[Task input]
BEGIN
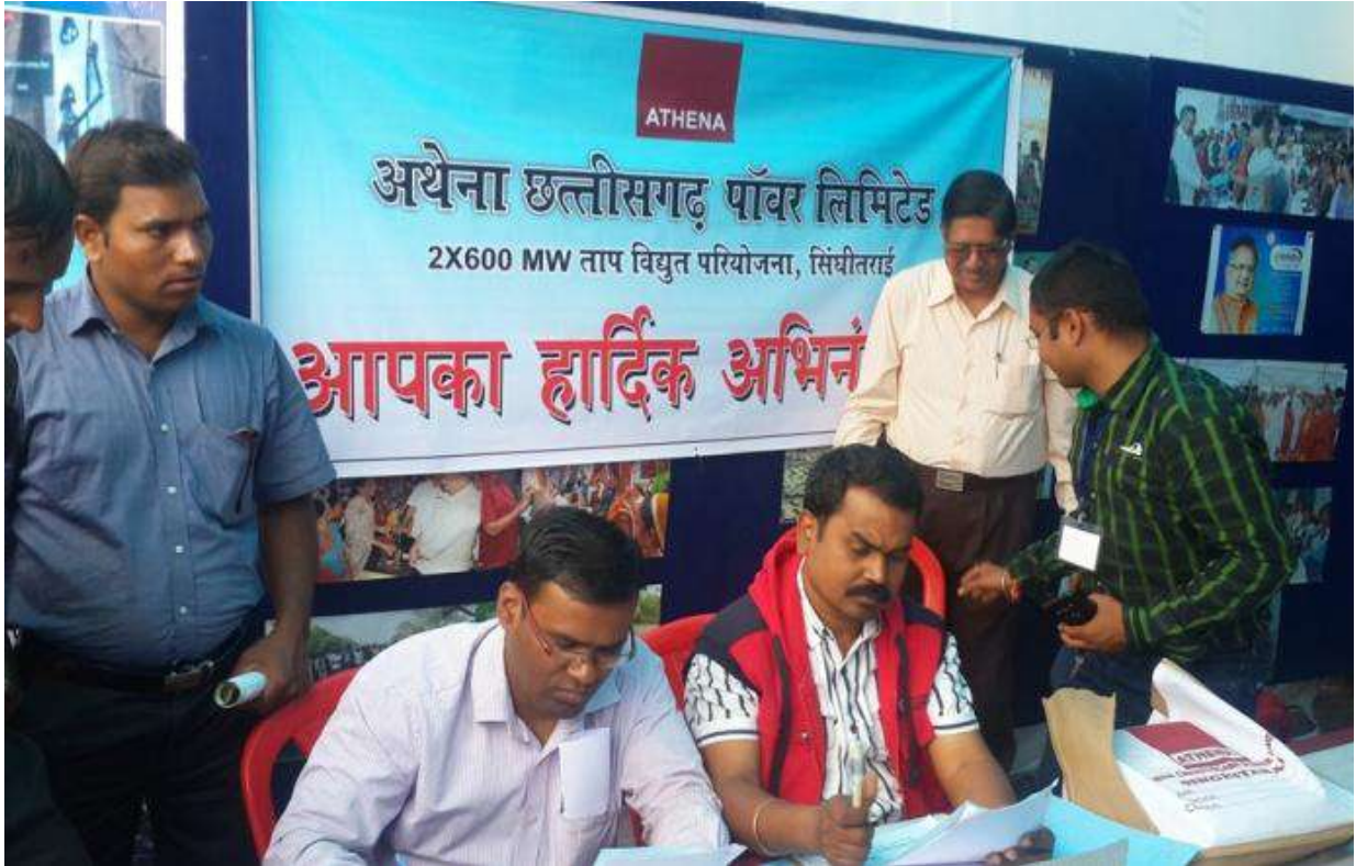
Rojgar Mela at Janjgir Champa
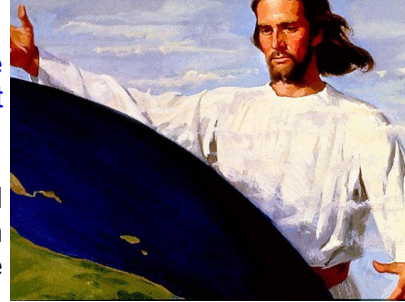
God is all powerful and the source of all life

God is still able to create. He created life in the beginning and today He can make us new if we come to Him. He will give us a clean heart. When we come to the cross of Jesus Christ we will be "born again".
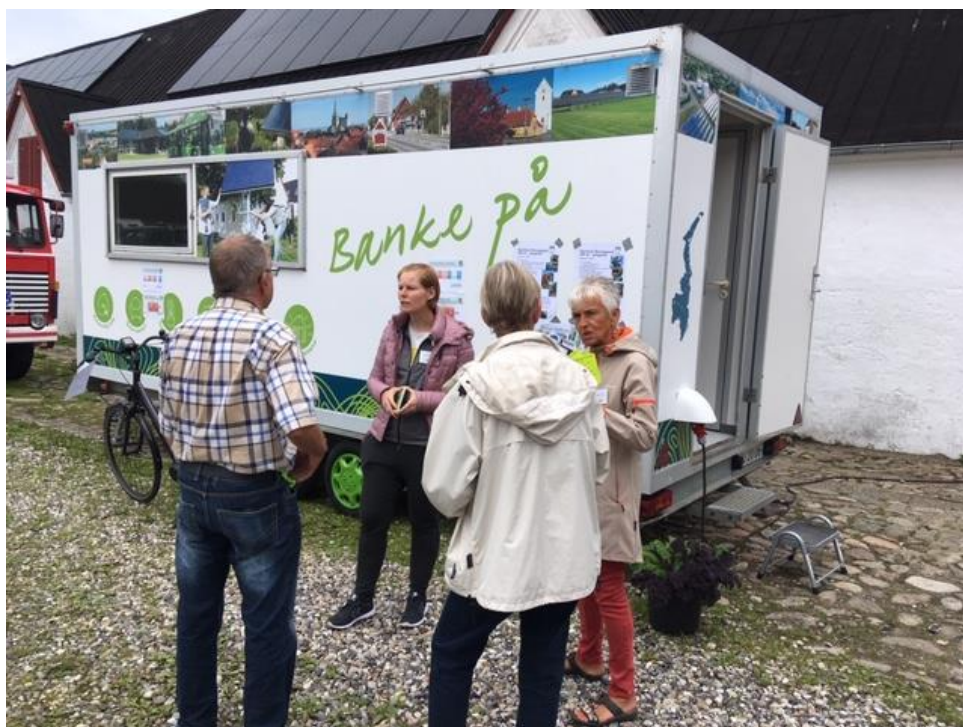
Frederikshavn mobile one-stop-shop, Denmark. One of 11 INNOVATE partners.

Further visual material can be provided for media coverage upon request.
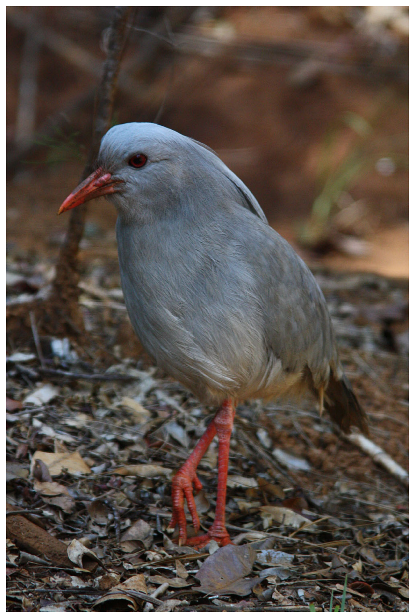
Kagu, Parc du Riviére Bleue.

Morning flight to Sydney and we arrived to Sydney before lunch time.
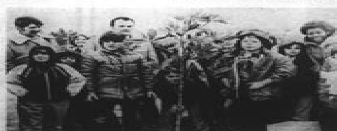
Arbor Day Observed

The following information will be available at the Thursday, February 15th Sagehen Park Community Center (7:00 p.m. to 9:00 p.m.) at the Community Center. The information will be available at the center and will be for the use of the center. The information will be available at the center and will be for the use of the center. The information will be available at the center and will be for the use of the center.
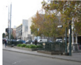
H2111 Underground Toilets Elizabeth & Victoria Sts 08 06 06 mz 014
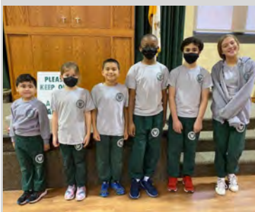
Super Slades Week of 4/04/22-4/08/22
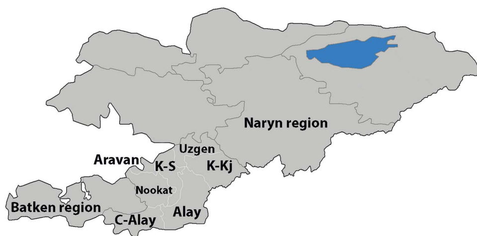
Figure 1. Map of the regions (oblast') and districts (raion) of the Osh region of Kyrgyzstan covered in the study. C-Alay, Chon-Alay; K-Kj, Kara-Kulja; K-S, Kara-Suu. Modified from the original image available at Wikimedia Commons, Created by Rarelibra 3 August 2007.

There was no difference in CE prevalence relative to gender (odds ratio [OR] = 1.13 for men). The age distribution of CE prevalence was relatively even (Table 1), with somewhat higher prevalence at an age over 60 (OR = 1.33, P < 0.05 vs other age groups combined). This profile was compatible with the recent emergence of the epidemic, because elderly subjects did not accumulate exposure over their whole lives proportional to their age. Expectedly, the fraction of post-resection cases was somewhat lower among younger patients, 57% of the total prevalence in
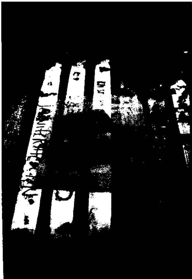
Figure 2. Apilife VAR™ wafers were enclosed in #8 mesh screen to prevent bees from removing the material from the hive.

tained at least 100 cm 2 sealed brood on each side. Samples of brood combs were measured in order to determine average brood area (cm 2 ) and number of adult varroa mites per sealed brood cell. These data permitted us to calculate for each colony within an apiary the starting bee population, brood area, and varroa mite population (Delaplane & Hood 1997, 1999). Because bees and brood were pooled together from a variety of colonies, queens were installed in the reconfigured experimental colonies without regard to their former workers or brood. Queens were clipped, marked, and individually caged within each colony. Queens were released 3-11 days after colony installation, depending on the degree of queen rejection behavior being displayed by the colony. Colonies were treated with Terramycin™ antibiotic to prevent foulbrood disease. All Georgia colonies were fed sugar syrup at one time when it was judged that dearth conditions warranted supplemental feeding. Additionally, 7-19 days after colony installation, each colony was given one super of honey above a queen excluder. Queen cells were removed from colonies weekly to discourage swarming.
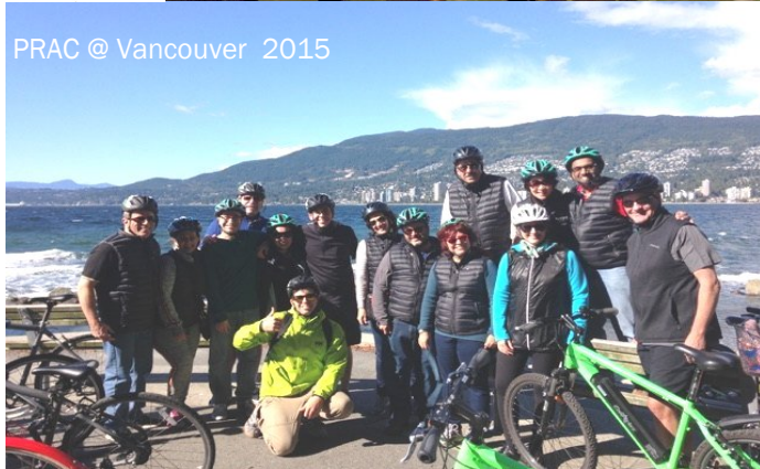
PRAC @ Vancouver 2015
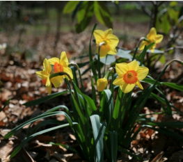
Daffodils Narcissus species

Native to southeast Europe and Asia Minor. In the buttercup family. Grows from corms and requires well-drained soil.
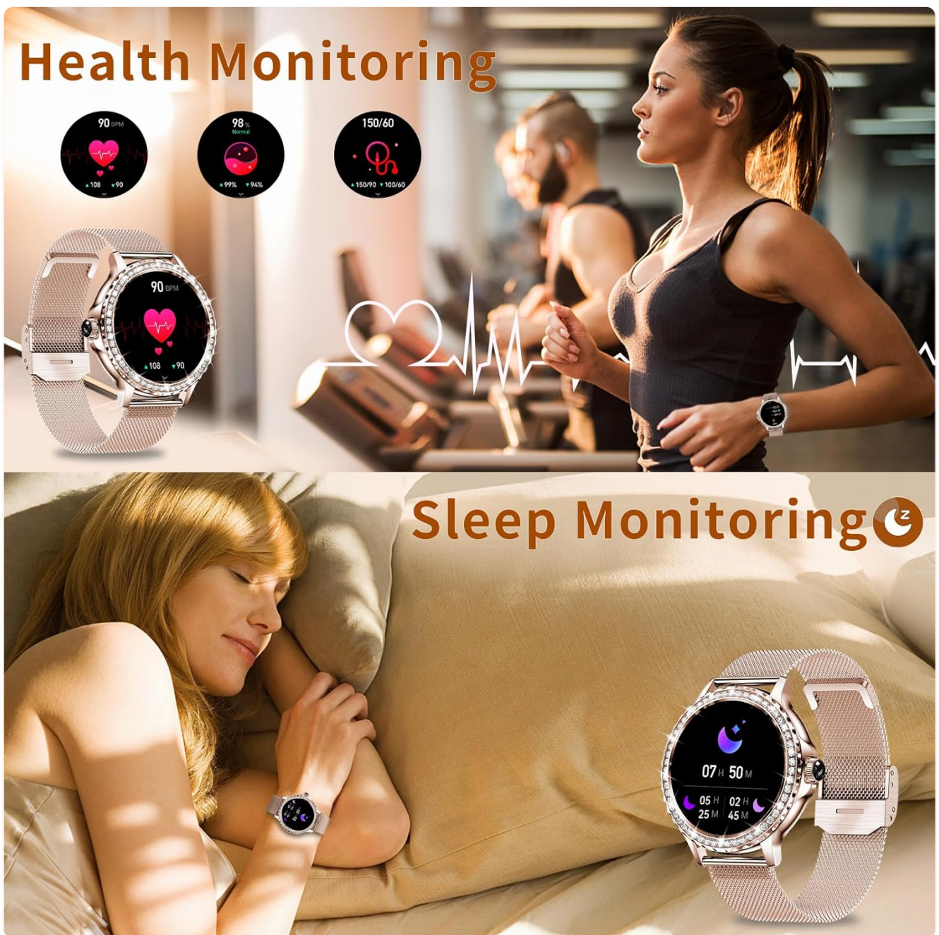
Figure 4.1: Two scenes depicting health monitoring: a couple running with the watch showing heart rate, and a woman sleeping with the watch displaying sleep tracking data.
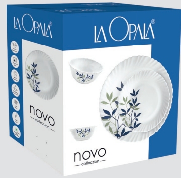
DINNER SET 20 PCS
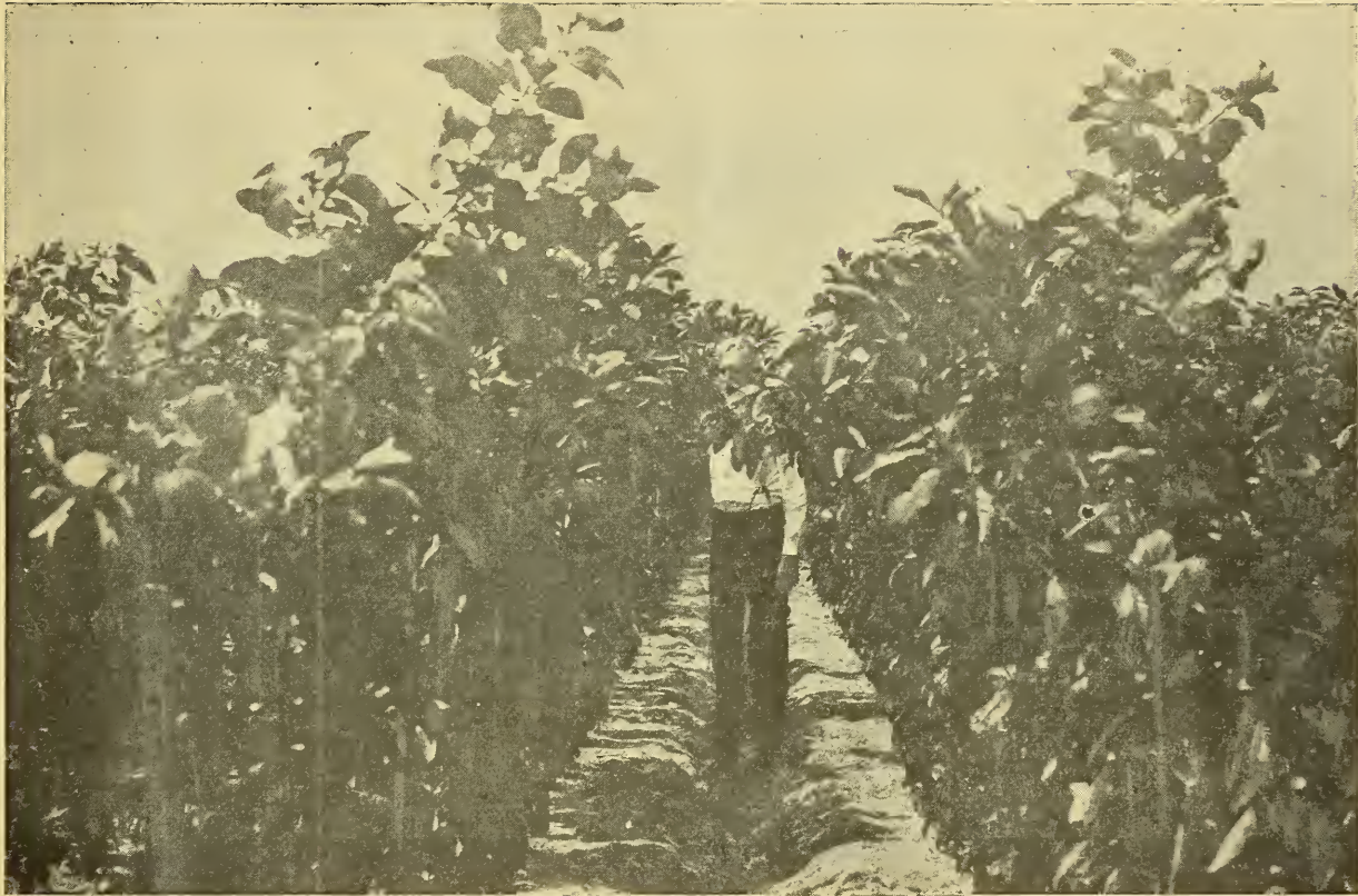
TWO YEARS GRAPE-FRUIT, FELLSMERE, FLORIDA.
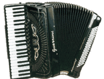
What is this instrument?

Ensemble search: band quintet choir sextet duet septet orchestra solo quartet trio
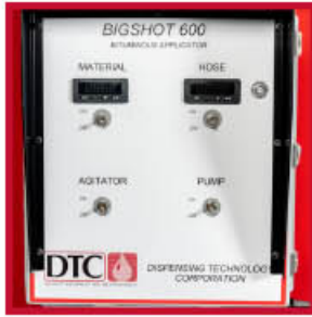
Digital readout temperature control for hose and wand
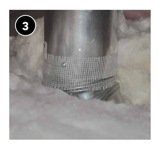
Wrap seams with mesh.
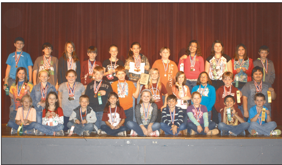
Bronte Elementary UIL! These Bronte Elementary students received awards for their placings at the district UIL competition.
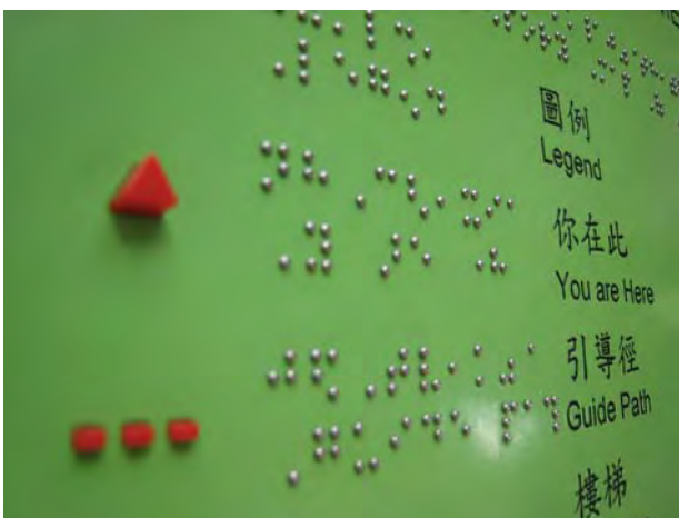
(c) Tactile and Braille message for people with no vision
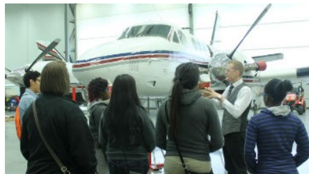
Cowley/WATC Campus Visit
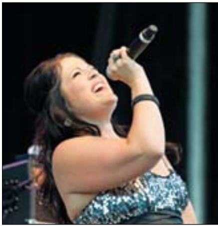
Karaoke semi-finals will be Saturday, Aug. 29 at 7pm. Finals will be Sunday, Aug. 30 at 6:30pm.

continued from previous page (Reptile Show)
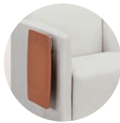
TABLET ARM IN STOWED POSITION
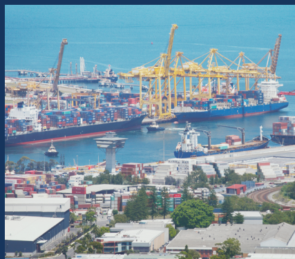
Transport and Marine
END
[Problem description] Beginning with the line above that has "Kagu, Parc du Riviére Bleue." and going on through the line that has "There was no", retype every line exactly and add nothing else; drop the pictures.

[Answer to this problem]
Kagu, Parc du Riviére Bleue.

Morning flight to Sydney and we arrived to Sydney before lunch time.
Arbor Day Observed

The following information will be available at the Thursday, February 15th Sagehen Park Community Center (7:00 p.m. to 9:00 p.m.) at the Community Center. The information will be available at the center and will be for the use of the center. The information will be available at the center and will be for the use of the center. The information will be available at the center and will be for the use of the center.
H2111 Underground Toilets Elizabeth & Victoria Sts 08 06 06 mz 014
Super Slades Week of 4/04/22-4/08/22
Figure 1. Map of the regions (oblast') and districts (raion) of the Osh region of Kyrgyzstan covered in the study. C-Alay, Chon-Alay; K-Kj, Kara-Kulja; K-S, Kara-Suu. Modified from the original image available at Wikimedia Commons, Created by Rarelibra 3 August 2007.

There was no difference in CE prevalence relative to gender (odds ratio [OR] = 1.13 for men). The age distribution of CE prevalence was relatively even (Table 1), with somewhat higher prevalence at an age over 60 (OR = 1.33, P < 0.05 vs other age groups combined). This profile was compatible with the recent emergence of the epidemic, because elderly subjects did not accumulate exposure over their whole lives proportional to their age. Expectedly, the fraction of post-resection cases was somewhat lower among younger patients, 57% of the total prevalence in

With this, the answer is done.